Domain-level disentanglement

Since samples from different source domains originate from distinct working conditions but share the same fault label space, the obtained representations fusing multi-modal information contain both domain-invariant information that is shared across different working conditions and domain-specific characteristics that are correlated with particular operating conditions. Therefore, we propose to extract fault-discriminative features that are insensitive to domain variations while preserving domain-specific information that reflects working condition characteristics from the multi-modal fused representations. To this end, a domain-level disentanglement framework is further introduced to explicitly decouple domain-invariant and domain-specific representations across multiple source domains as illustrated as Fig. 3. Similar to the modality-level design, the fused representation of each sample is projected into two complementary subspaces through two separate embedding networks, yielding a domain-invariant representation and a domain-specific representation, respectively, formulated as

\begin{equation}
    \mathbf{h}_i^{s_m,inv}=F_{inv}\left(\hat{\mathbf{z}}_i^{s_m}\right),
    \mathbf{h}_i^{s_m,spe}=F_{spe}\left(\hat{\mathbf{z}}_i^{s_m}\right),
\end{equation}

where $`F_{inv}`$ and $`F_{spe}`$ denote the domain-invariant and domain-specific embedding networks, respectively. Three sets of domain-level disentanglement loss functions are then designed as follows.

(1) Domain similarity loss. The domain-invariant representations from different source domains are expected to follow similar distributions, as they encode fault-related semantics that should generalize across unseen working conditions. To enforce this property, a domain-level MMD loss is introduced to align the invariant feature distributions among all source domains. Formally, the domain similarity loss is defined as

\begin{equation}
    \begin{aligned}
        \mathcal{L}_{sim}^D &= \sum_{m\neq n}\text{MMD}\left(\mathbf{h}_i^{s_m,inv}, \mathbf{h}_i^{s_n,inv}\right)\\
        &=\sum_{m\neq n}\left[\frac{1}{(N_m^s)^2}\sum_{i=1}^{N_m^s}\sum_{j=1}^{N_m^s}k\left(\mathbf{h}_i^{s_m,inv}, \mathbf{h}_j^{s_m,inv}\right) + \frac{1}{(N_n^s)^2}\sum_{i=1}^{N_n^s}\sum_{j=1}^{N_n^s}k\left(\mathbf{h}_i^{s_n,inv}, \mathbf{h}_j^{s_n,inv}\right)\right.\\
        &\phantom{=\;\;}\left.- \frac{2}{N_m^sN_n^s}\sum_{i=1}^{N_m^s}\sum_{j=1}^{N_n^s}k\left(\mathbf{h}_i^{s_m,inv}, \mathbf{z}_j^{s_n,inv}\right)\right].
    \end{aligned}
\end{equation}

By minimizing this loss, the model is encouraged to learn domain-agnostic representations that are robust to working condition variations.

(2) Intra-domain orthogonality loss.

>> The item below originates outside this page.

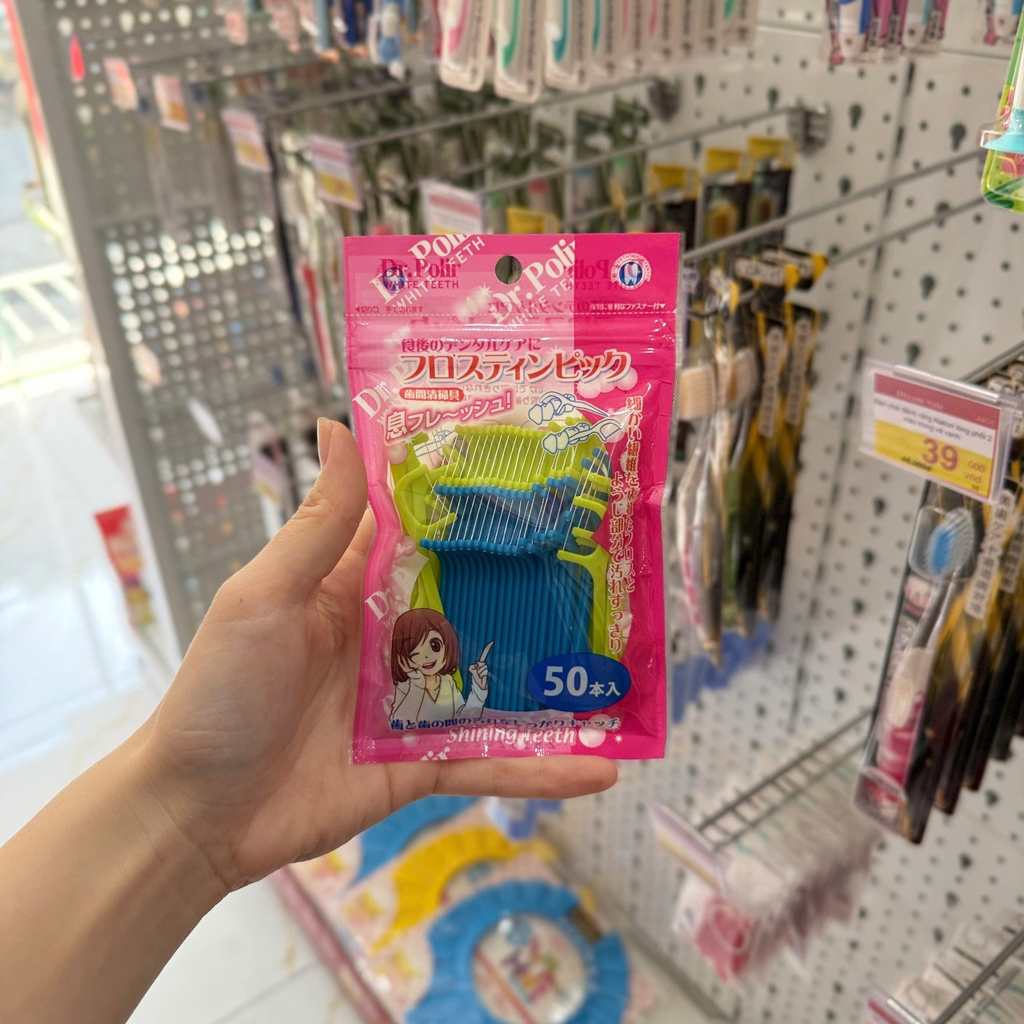 Sợi chỉ siêu mịn + mềm, phủ sáp tự nhiên, luồn êm như lụa, không làm đau nướu đang mọc răng. Tay cầm nhỏ xinh, dài vừa tay bé, có hình thú + màu sắc kawaii (hồng dâu, xanh mint, vàng chanh…) – bé nhìn là mê, tự giác đòi “xỉa răng” như chơi đồ chơi!

While invariant representations capture shared fault semantics, domain-specific representations are intended to model working-condition-related characteristics. To prevent redundancy between these two subspaces, an orthogonality constraint is imposed within each domain by minimizing the statistical dependence between domain-invariant and domain-specific representations. Specifically, a covariance-based orthogonality loss is formulated as

\begin{equation}
    \mathcal{L}_{ortho1}^D = \sum_{m=1}^{M}\left\|\text{Cov}\left(\mathbf{h}_i^{s_m,inv}, \mathbf{h}_i^{s_m,spe}\right)\right\|_2.
\end{equation}

This loss facilitates a clear separation between the domain-invariant subspace and the domain-specific subspace to prevent information leakage.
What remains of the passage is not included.